>>
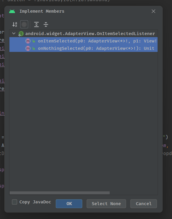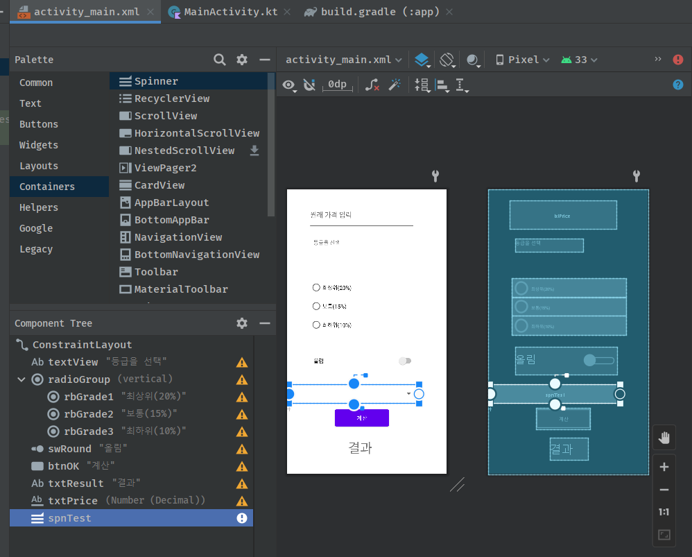 Acitivity_main.xml 에서 Containers > Spinner 추가
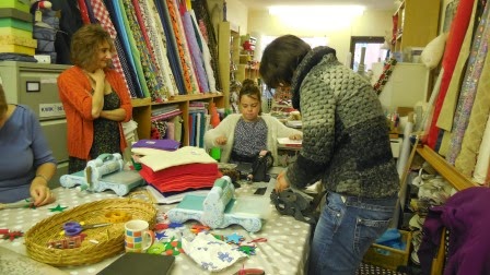 Before I show you the latest progress on 'Downton' I just show you a couple of photos from the workshop I taught yesterday at The Sewing Room in Cinderford, Gloucestershire, the shop - for Anita - you can see her in the second photo below
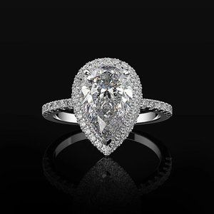 Elegant Water Drop Bright Zircon Thin Pear Wedding Ring for Women, PD510
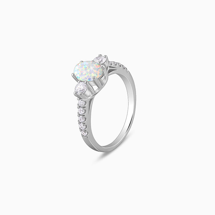 This silver ring features an oval design with an opal stone at the centre and zircons on both sides, studded in the band. Let the stunning elegance of Trendy Freak Sky High inspire you to chase every dream and celebrate every milestone.
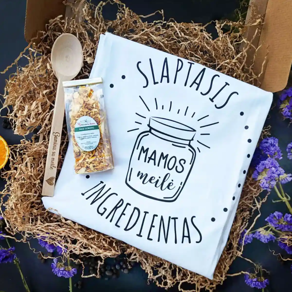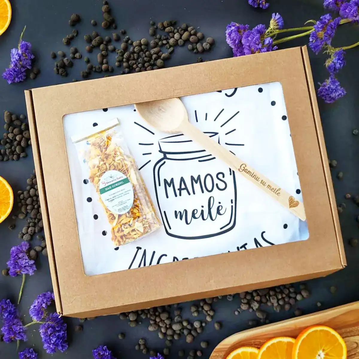 Rinkinyje suderinti daiktai, kurie puikiai tinka mamai, mėgstančiai gaminti ir rūpintis artimaisiais. Medvilninė prijuostė pravers kasdien ruošiant maistą, medinis šaukštas papildys virtuvės reikmenis, o prieskonių mišinys suteiks daugiau skonio įvairiems patiekalams. Šis rinkinys sukuria jaukų, dėmesingą ir praktišką dovanos įspūdį.
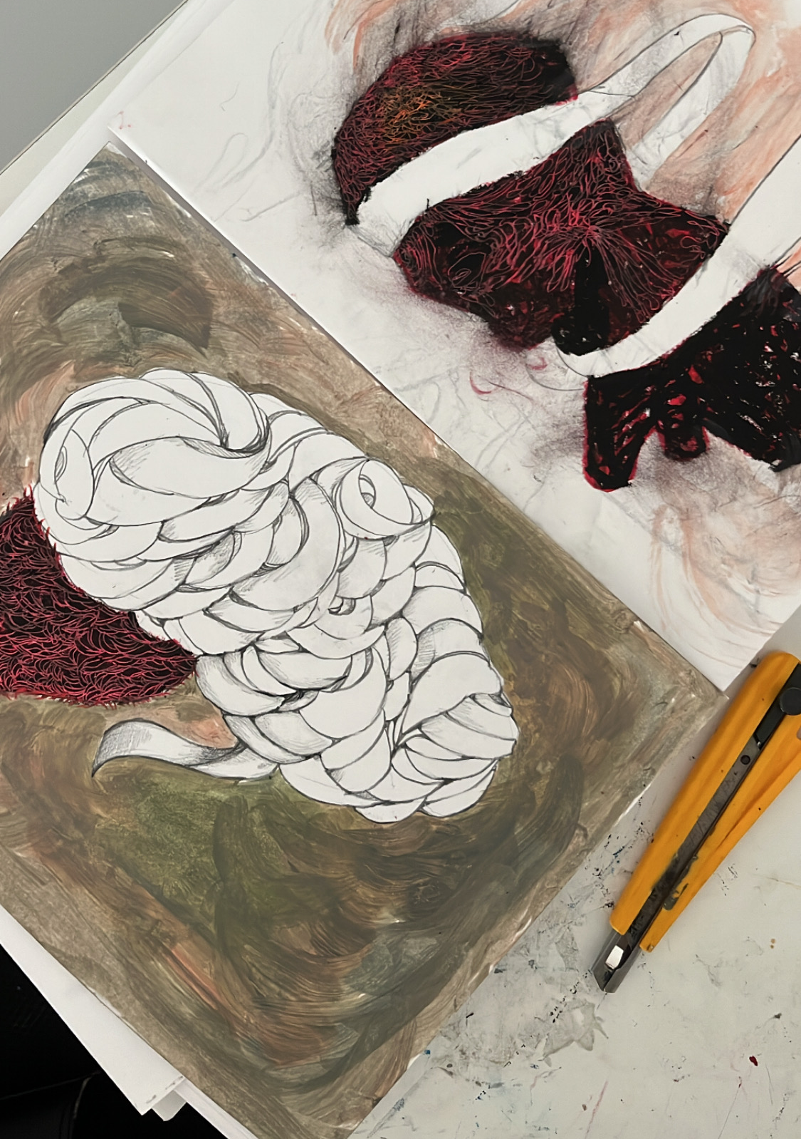의미 없다고 여겨질 수 있는 모든 것들이 구체적인 형상이나 사실적인 묘사가 되어 주를 이루기보다 서로 뒤엉켜 회화로 연결된다. 이는 도시화된 현대 사회에서 살고 있으며 겪고 보이는 버려지는 것들, 소외되는 것들, 경험한 것들 일 수 있다.
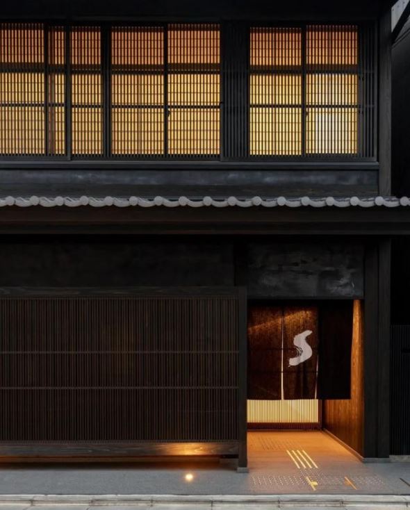 Shinmonzen是一家位于京都祗园的小型酒店,单从街道望去,建筑外立面深色的木格栅到屋面层叠的瓦片,与传统京都联排的建筑毫无二致。然而,当人们走过悬挂“s”字样门帘的入口,便会看到由混凝土和木板格栅围合的走廊,与其外表大径相庭的现代风格扑面而来。
<<
> [Exercise requirements] An exact restatement of every record is required. Omit the images.

> [Solution for this task]
 Acitivity_main.xml 에서 Containers > Spinner 추가
 Before I show you the latest progress on 'Downton' I just show you a couple of photos from the workshop I taught yesterday at The Sewing Room in Cinderford, Gloucestershire, the shop - for Anita - you can see her in the second photo below
 Elegant Water Drop Bright Zircon Thin Pear Wedding Ring for Women, PD510
 This silver ring features an oval design with an opal stone at the centre and zircons on both sides, studded in the band. Let the stunning elegance of Trendy Freak Sky High inspire you to chase every dream and celebrate every milestone.
 Rinkinyje suderinti daiktai, kurie puikiai tinka mamai, mėgstančiai gaminti ir rūpintis artimaisiais. Medvilninė prijuostė pravers kasdien ruošiant maistą, medinis šaukštas papildys virtuvės reikmenis, o prieskonių mišinys suteiks daugiau skonio įvairiems patiekalams. Šis rinkinys sukuria jaukų, dėmesingą ir praktišką dovanos įspūdį.
의미 없다고 여겨질 수 있는 모든 것들이 구체적인 형상이나 사실적인 묘사가 되어 주를 이루기보다 서로 뒤엉켜 회화로 연결된다. 이는 도시화된 현대 사회에서 살고 있으며 겪고 보이는 버려지는 것들, 소외되는 것들, 경험한 것들 일 수 있다.
 Shinmonzen是一家位于京都祗园的小型酒店,单从街道望去,建筑外立面深色的木格栅到屋面层叠的瓦片,与传统京都联排的建筑毫无二致。然而,当人们走过悬挂“s”字样门帘的入口,便会看到由混凝土和木板格栅围合的走廊,与其外表大径相庭的现代风格扑面而来。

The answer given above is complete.